At the right you see a point and figure chart. At a first glance P&F charts might seem strange. But once you have learned the basics – which you will do now within a few minutes – you will learn to love them, and always refer to them from here on.

The foundation of point and figure charts is the drawing of figures in straight columns in a grid chart. Each row in the grid corresponds to a price level. When the price is trending upwards we will draw X’s. And when prices are trending downwards we will draw O’s.

The X’s and O’s are the “points and figures” of the method. Each X or O is simply one price point in the price scale at the left hand side. When the price moves up one point we would add and X, and when price moves down one point we would add an O.

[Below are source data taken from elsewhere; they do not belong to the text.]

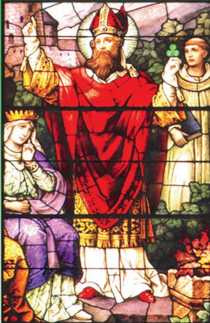
Stained Glass Window of St. Patrick St. Patrick Church

Serving the East Bayfront of Erie since 1837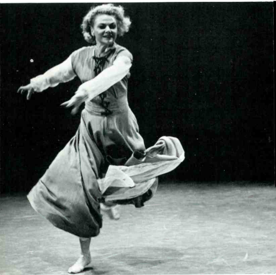
Valerie Bettis "As I Lay Dying" Camera Three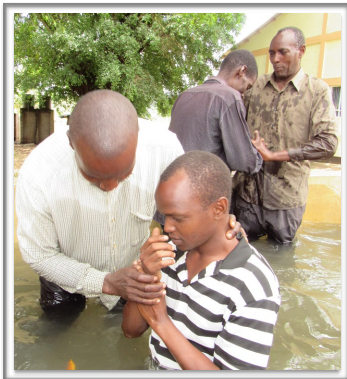
At the end of March, 48 of the current Bible school students were baptized!

Due to inflation and because of the war in Europe, prices in Tanzania are very high for gasoline, building materials, cooking oil, rice, and transportation. As you can see in the farm pictures, the corn we planted is already gone due to lack of rain this year. The price of food is also high, but we must start buying in the month of May.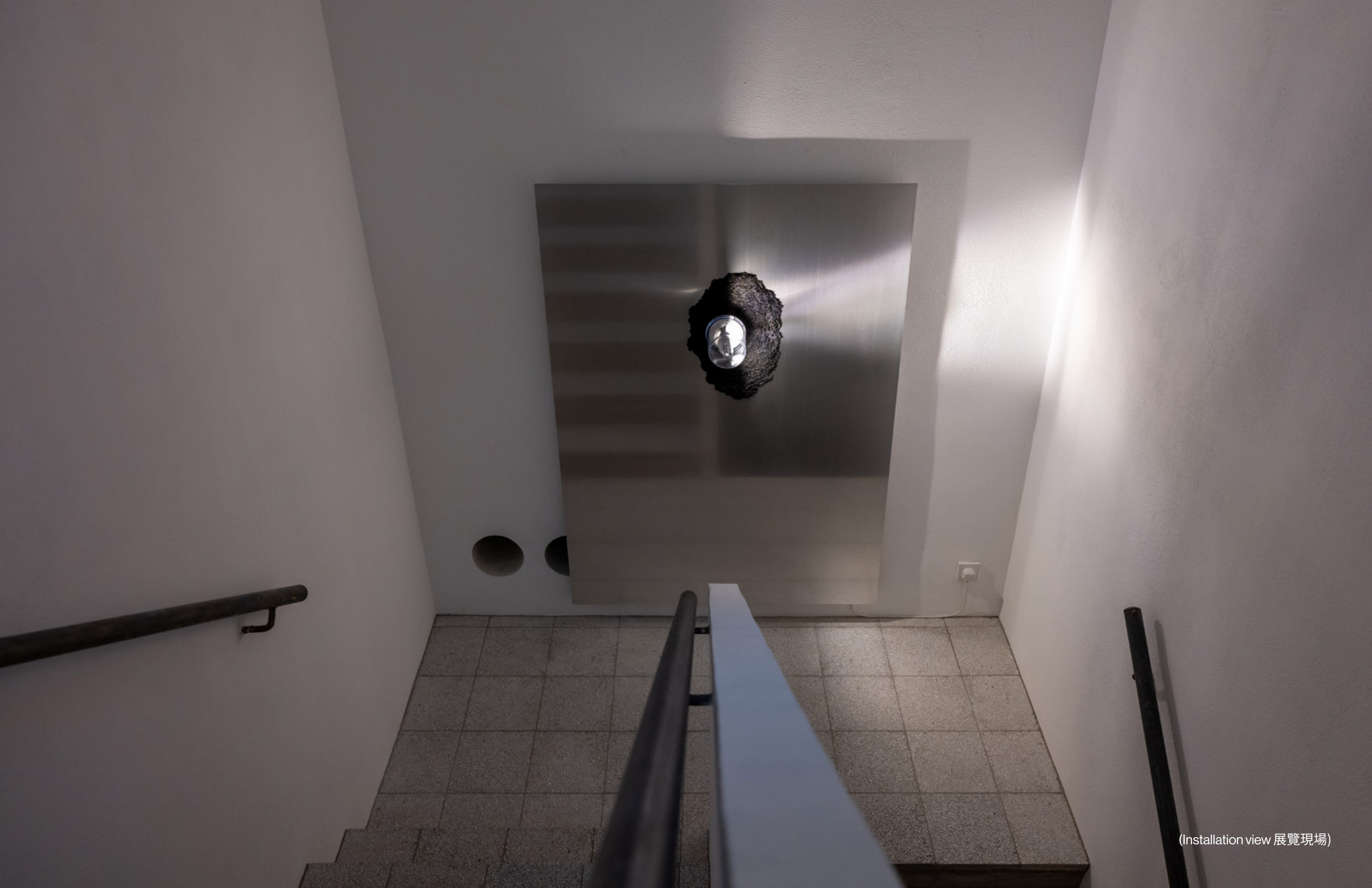
(Installation view 展覽現場)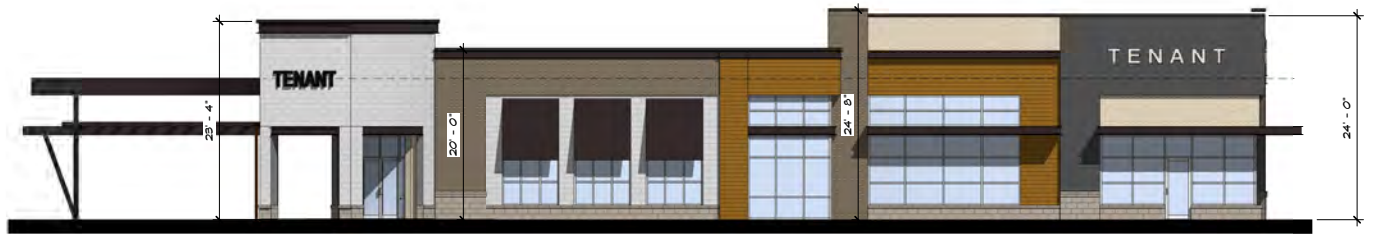
1 FRONT ELEVATION 6A-4.1 SCALE 1/8" = 1'-0"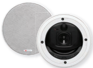
HSi 4830 3-Way 8" In-Ceiling Speaker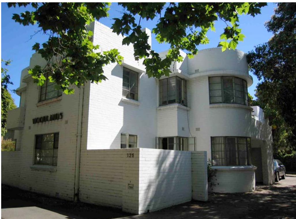
Woodlands Apartments looking south-west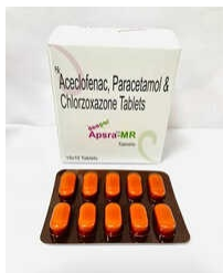
ACECLOFENAC PARACETAMOL AND CHLORZOXAZONE TABLETS

1.125g Ceftriaxone Tazobactam Injection, 100 Mg Acebrophylline Capsules, 100g Ayurvedic Laxative Powder, 100mg L Carnosine Syrup, 100ml Ayurvedic Pain Relief Oil, 100ml B-Complex With Multivitamin Syrup, 100ml Disodium Hydrogen Citrate Syrup, 100ml Levosalbutamol Ambroxol Guaiphenesin Syrup, 100ml Multivitamin Syrup, 100ml Paracetamol Infusion IP, 100ml Silymarin L-Ornithine L-Aspartate B-Complex Syrup, 12g Linezolid Dry Syrup, 150ml Ferrous Ascorbate And Folic Acid Suspension, 15g Cholecalciferol Drops, 15g Itraconazole And Terbinafine Hydrochloride Cream, etc.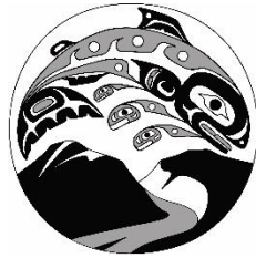
Fraser River Aboriginal Fisheries Secretariat (1994)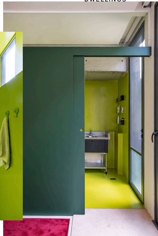
A lime-green bathroom on the lower level (above) has fixtures from Brazilian manufacturer Docol.

I met Tito on a hot day. We were seated around the long, rectangular dining table that anchors the heart of the house, where the open kitchen meets the living room under the roof's downward slant. Sliding glass doors bookend the space. They open on the east end to a small entry patio with a barbecue pit and to the west provide direct sight lines to the terrace and garden below, as well as to a massive araucaria tree in the distance that towers above the densely vegetated skyline. "When we saw this tree outside, we decided to make it really stand out and emphasize this outlook on the city," says Tito. "This house is where we disconnect from the world."

What happens when prices move up 4 points in a day? Like for example from $125 to $129? Then we simply add 4 X’s in the chart. This is simple and logical.

This 1 point step in the price scale is what we call the “box size”. You can think of the grid chart as small boxes that are either empty, or filled with an X or O. The box needs a whole point to be completely filled, so for a box size 1 – we simply need a full $1 price increase or decrease. The point and figure analyst can decide what box size to be used. For now we just use the box size 1 – later we will learn more advanced topics like how to use different box sizes.

Prices fluctuate up and down in waves

If prices would just move up all the time everybody would be millionaires, right? However, when you look at a regular bar chart, line chart, candlestick chart you notice that prices tend to fluctuate all the time – prices move up a bit, down a bit, up again, then down and so on. In other words the prices move in waves and it seems impossible to know when the turn will come and how long it will last.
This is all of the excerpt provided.